» Information given
"""

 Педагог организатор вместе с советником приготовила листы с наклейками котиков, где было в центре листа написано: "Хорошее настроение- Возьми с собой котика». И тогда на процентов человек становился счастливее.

"""
"""

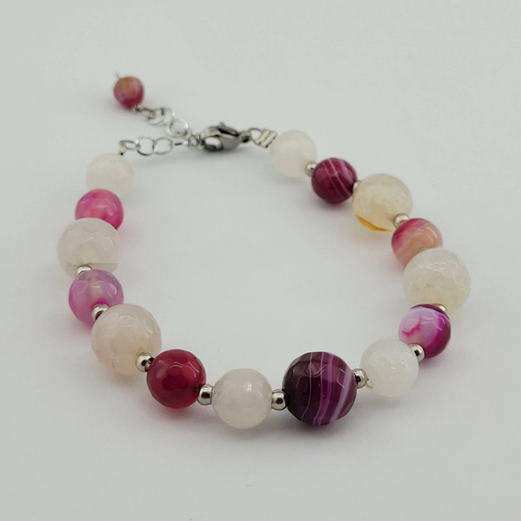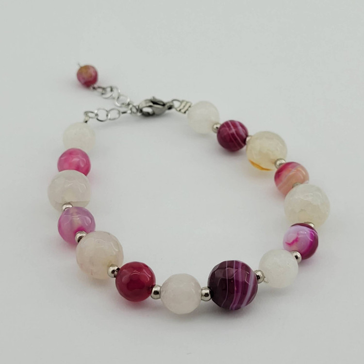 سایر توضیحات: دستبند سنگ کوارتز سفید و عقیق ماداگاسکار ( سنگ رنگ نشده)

"""
"""

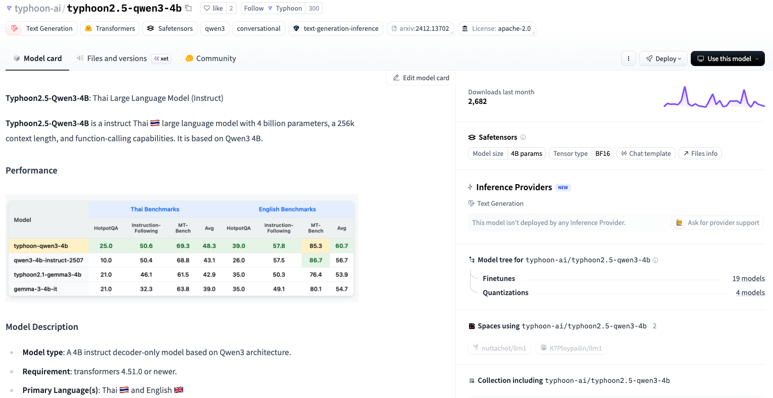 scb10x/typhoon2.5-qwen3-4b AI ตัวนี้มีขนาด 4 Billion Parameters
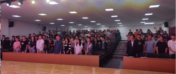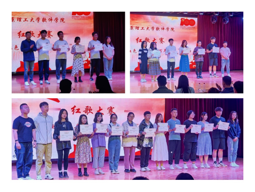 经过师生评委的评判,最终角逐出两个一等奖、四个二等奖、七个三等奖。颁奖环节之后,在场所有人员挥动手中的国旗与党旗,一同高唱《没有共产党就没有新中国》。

"""

» What is expected
Output exactly, and only, the lines of the entries above from the one with "scb10x/typhoon2.5-qwen3-4b AI ตัวนี้มีขนาด" up to and including the one with "经过师生评委的评判,最终角逐"; pictures are to be left out.

» Response
 scb10x/typhoon2.5-qwen3-4b AI ตัวนี้มีขนาด 4 Billion Parameters
 经过师生评委的评判,最终角逐出两个一等奖、四个二等奖、七个三等奖。颁奖环节之后,在场所有人员挥动手中的国旗与党旗,一同高唱《没有共产党就没有新中国》。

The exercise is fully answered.